> _YOUR TASK_
Exactly reproduce the lines from the one holding "Liste globale des" through the end of the records, including both boundary lines but no pictures.

> _Records drawn from a dataset_
________________

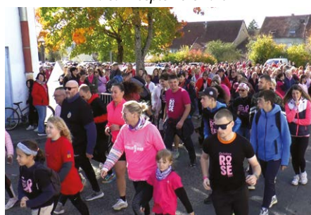
Le Parcours Rose - 18 octobre 2025
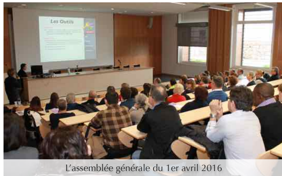
L'assemblée générale du 1er avril 2016
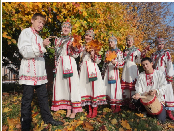
Материал подготовила Г.Хмельникова, студентка 301 группы

Студенческий чувашский ансамбль «Мерчен» Тетюшского педагогического колледжа стал Лауреатом III степени Открытого Всероссийского фестиваля - конкурса традиционной художественной культуры «ЭТНОМИРАДА».
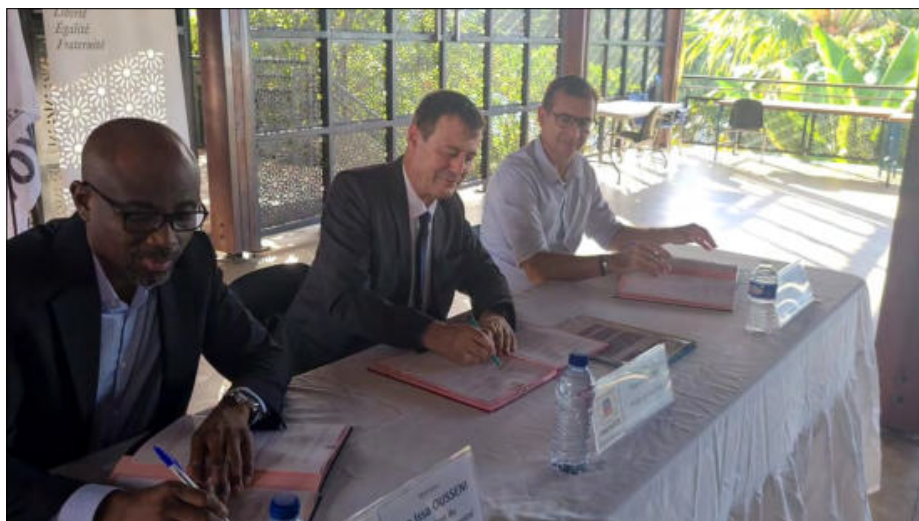
Signature en présence du préfet de Mayotte Thierry Suquet

Liste globale des produits et magasins concernés par ce BQP+ 2023
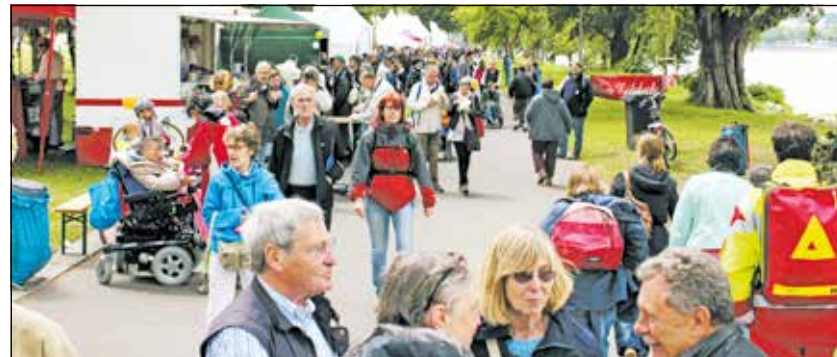
Viel los beim bunten und inklusiven Familienfest

„Wir alle möchten mit diesem bunten Fest zeigen, wie Inklusion funktionieren kann. Im Rheinland
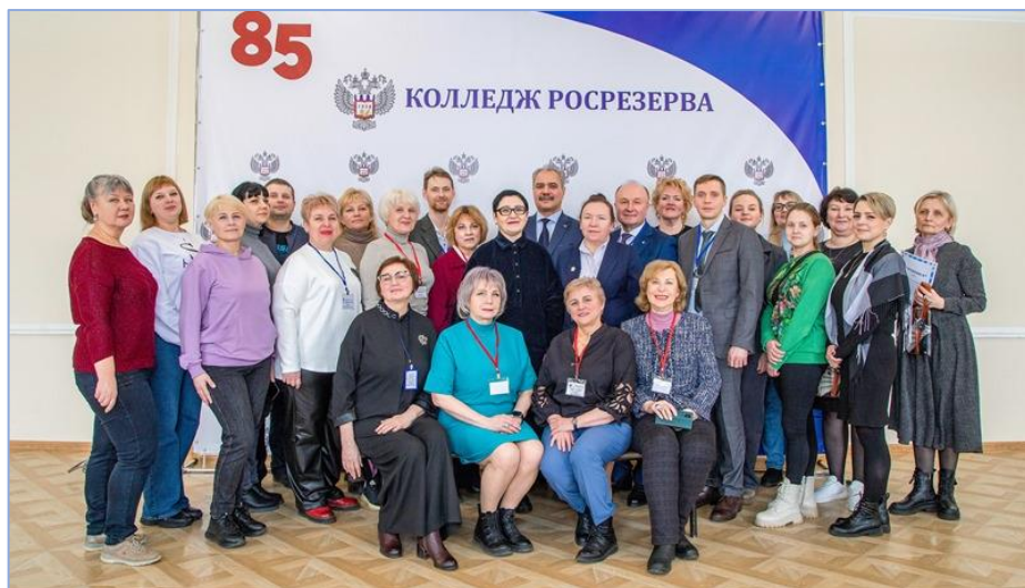
На фото официальные лица и почётные гости юбилейного события. О мероприятиях, связанных с юбилеем НИИПХ читайте на стр. 8.

На протяжении многих лет колледж и НИИПХ поддерживают прочные дружественные связи, поэтому не случайно 20 марта на площадке образовательного учреждения стартовали мероприятия, посвященные 85-летию со дня образования Научно-исследовательского института проблем хранения Росрезерва. Именно это событие, привлёкшее внимание не только к деятельности учреждения-юбилера, но и к нашему колледжу, следует считать главным событием весны 2024 года.
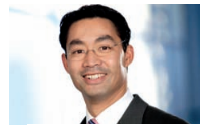
Dr. Philipp Rösler

Dr. Philipp Rösler Bundesminister für Gesundheit

________________

> _FINAL ANSWER_
Liste globale des produits et magasins concernés par ce BQP+ 2023
Viel los beim bunten und inklusiven Familienfest

„Wir alle möchten mit diesem bunten Fest zeigen, wie Inklusion funktionieren kann. Im Rheinland
На фото официальные лица и почётные гости юбилейного события. О мероприятиях, связанных с юбилеем НИИПХ читайте на стр. 8.

На протяжении многих лет колледж и НИИПХ поддерживают прочные дружественные связи, поэтому не случайно 20 марта на площадке образовательного учреждения стартовали мероприятия, посвященные 85-летию со дня образования Научно-исследовательского института проблем хранения Росрезерва. Именно это событие, привлёкшее внимание не только к деятельности учреждения-юбилера, но и к нашему колледжу, следует считать главным событием весны 2024 года.
Dr. Philipp Rösler

Dr. Philipp Rösler Bundesminister für Gesundheit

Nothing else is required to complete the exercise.